I wonder if there would be any benefit to reordering the NODES of a map for a 386? Linguica's comments suggest there won't be any noticeable improvement at all, but his low-end CPU test was still a Pentium M.

Share this post


Link to post

I don't think Doom II was playable on a 386, try MAP15 for instance. I've tried again vanilla 1.9 with 86Box and a 386DX and it's a slideshow.

I could upload a virtual machine with DOS and drivers installed, but is MS-DOS 5.0 still considered warez?

Then you may inject some games using some software to manipulate disk images. OSFMount was free but did it work?

Edit: i've seen that my installed DOS is in spanish.

Edited by drfrag

Share this post


Link to post
1 hour ago, drfrag said:

I don't think Doom II was playable on a 386, try MAP15 for instance. I've tried again vanilla 1.9 with 86Box and a 386DX and it's a slideshow.

I could upload a virtual machine with DOS and drivers installed, but is MS-DOS 5.0 still considered warez?

Then you may inject some games using some software to manipulate disk images. OSFMount was free but did it work?
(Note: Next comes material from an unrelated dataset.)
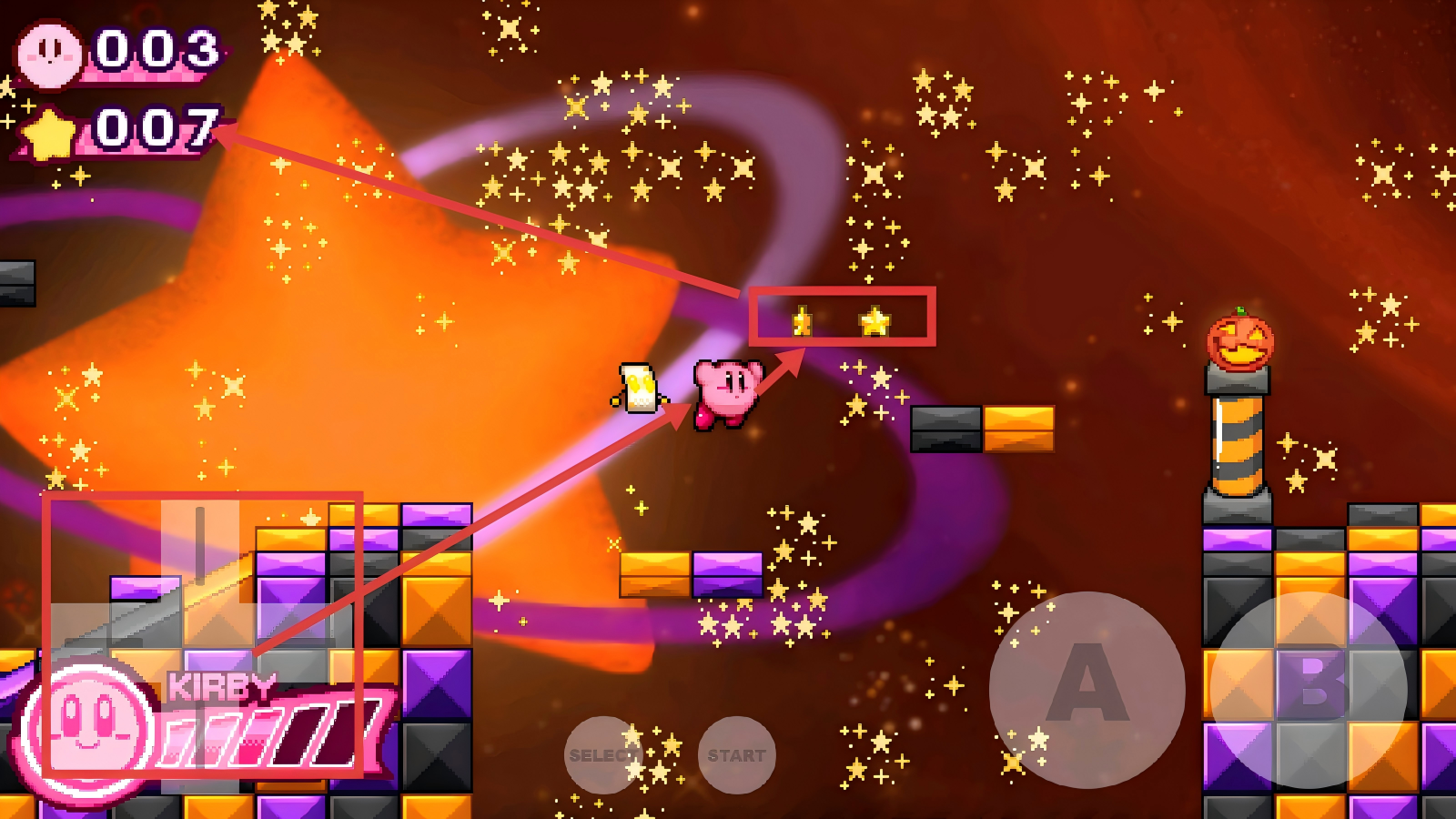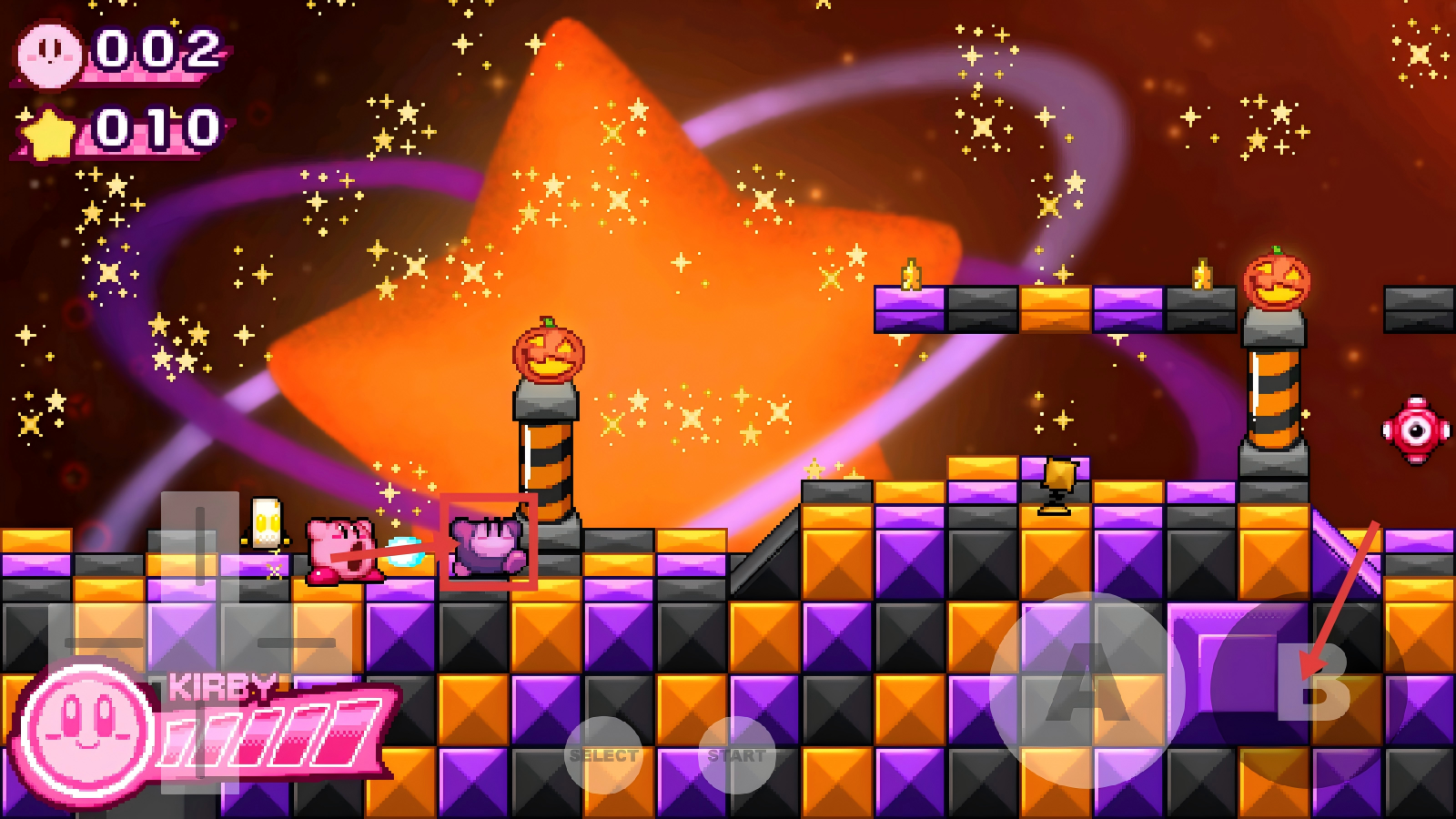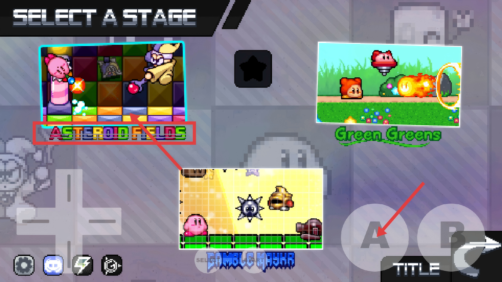 1、在关卡选择界面,选中【AsteroidFields】关卡,点击【A】键,进入太空风格的卡比冒险关卡。
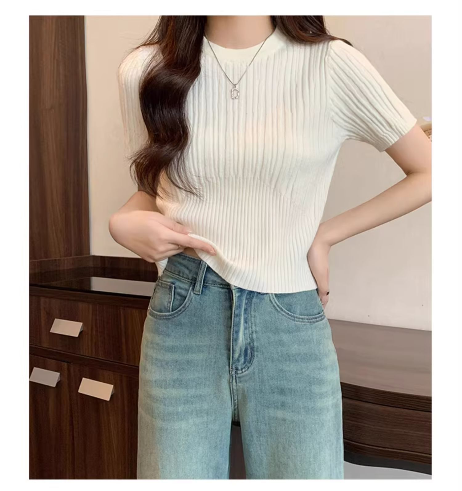 살구색 어깨 반팔 스웨터 티셔츠 여성용 봄과 여름 새로운 라운드 넥 슬림 핏 스파이스 걸 짧은 이너 탑스토어 가기

Edit: i've seen that my installed DOS is in spanish.

The unofficial MBF 2.04 update by Gerwin also had a test build for 386 processors, called MBF386. Download can be found here.

 

I haven't tested it however, and according to Gerwin, it really was just an experiment.

40 minutes ago, Lila Feuer said:

Is -devparm not working? I tried to hit F1 to take screenshots but it only brought up the help screen.

I believe so. I tried yesterday to take super secret screenshots but F1 did zilch. It was apparently removed, i suppose?

Share this post


Link to post
1 hour ago, drfrag said:

I don't think Doom II was playable on a 386, try MAP15 for instance. I've tried again vanilla 1.9 with 86Box and a 386DX and it's a slideshow.

 

To be fair, 86Box is hardly the best emulator for games and in general all those VMs/HyperVisors suck for real-time stuff like games, despite having -in theory- less CPU overhead than a full-on emulator like DOSBox. They simply don't get the timings right, so most DOS games just won't run properly and you won't get an objective metric using them.

Share this post


Link to post

86box and PCem I believe can run Impulse Tracker better than DOSBox though, and both feature better SB16 emulation than the latter.

Share this post


Link to post

Audio playback may be a special case, as long as the emulated program can fill an audio buffer to the host machine fast enough and the output sample rate has been negotiated correctly between emulated program/emulation layer. But I wouldn't expect even video playback to be smooth or consistent in speed. Even with music players, skipping ahead/changing tracks may not feel smooth.

Share this post


Link to post

For what it's worth, as far as I know PCem is a full-on emulator, and one aiming for accuracy moreso than DOSBox does (down to needing BIOS ROMs and having to partition virtual hard drives to install the OS), but at the same time I wouldn't necessarily call it accurate enough to produce useful results for testing the real-world applicability of this source port. (It would be pretty close, though.)

Share this post


Link to post

I wonder if it is possible to add support for the 387 co-processor, since it's dedicated to doing floating-point math, it could help with some extra performance.

 

Just speculating.

Share this post


Link to post
3 minutes ago, AlektorophobiA said:

I wonder if it is possible to add support for the 387 co-processor, since it's dedicated to doing floating-point math, it could help with some extra performance.

 

Just speculating.

Doom uses fixed-point math, not floating-point.

Share this post


Link to post
9 hours ago, Maes said:

Since you got it up and running, try running a timedemo of a well-known map that puts Doom through its paces and offers a variety of situations, not just a fixed view or facing a wall but actual, ever-changing action, and see if the average elapsed realtics do decrease. That's the only objective metric of how effective FastDoom is overall.

 

Yes, sorry about the incomplete tests (I was yesterday curious to compare it with the 3DO, which doesn't have a timedemo option yet or it must be implemented, so I ended up comparing views that I know are pretty slow on 3DO).

 

But today I ran full timedemo tests on both the original Doom executable and FastDoom.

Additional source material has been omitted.